Warburg'un Bulguları,

olarak belirtildi. Entegre Beslenme Enstitüsü'yle bütüncül bir sağlık danışmanı olan yazar Ruthann Russo, "Çiğ Beslenme Yaşam Tarzı" nda, Alman fizyolog Otto Warburg'un eserini, alkalin diyet. Warburg, kanser hücrelerinin oksijen az ya da hiç olmadığı koşullarda başarılı olduğu keşfi ile 1931'de Nobel Ödülünü kazandı. Russo, asidik gıdaların oksijen bakımından son derece düşük olduğunu ve bu da asitliliğin önlenmesinin kanserli kişilerin öncelikli bir amacı olması gerektiğini veya kanser alma ihtimalini en aza indirmeyi amaçladığını gösteriyor.

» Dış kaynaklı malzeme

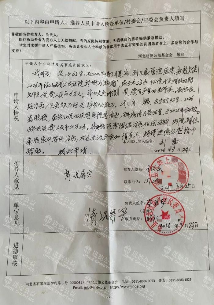 我今年已经65岁,经历了丧子之痛,又身患重病,丈夫也失去了劳动能力,这个家早已不堪重负,我实在走投无路了。在此,我真诚地恳请社会各界的爱心人士,能帮帮我,帮帮我们这个破碎的家庭。哪怕是一笔微薄的捐款、一句温暖的鼓励,都能给我活下去的勇气,给我们这个家庭一丝希望。

Diyetin pH Dengesi Üzerindeki Etkileri

Boston'un Brigham ve Kadın Hastanesi'ndeki Dana-Farber Kanser Enstitüsü'nden kayıtlı bir diyetisyen olan Stephanie Vangsness, alkalin diyet destekçileri için bazı gerçekleri gözden kaçırmaktadır insan pH dengesi hakkında. Aetna'nın InteliHealth web sitesinin bir makalesinde Vangsness, insan vücudunun genel pH dengesinin sağlıklı ve normal aralıklarla 7.35 ve 7.45 arasında tutulmasını sağlamak için ayrıntılı kontrol ve denge sistemine sahip olduğuna dikkat çekiyor. 45. Bu sistem bunu yapar "Uzun süreli yüksek alkalin pH elde etmek ve sürdürmek neredeyse imkânsız. "Ayrıca, Vangsness'in, alkalin bir diyetle sıkı sıkıya bağlı kalması, dengeli bir diyetin sürdürülmesinde önemli olan fasulye ve bakliyat, süt ve yağlar ve yağlar dahil olmak üzere çeşitli gıda gruplarını hariç tutuyor veya keskin şekilde kısıtlıyor.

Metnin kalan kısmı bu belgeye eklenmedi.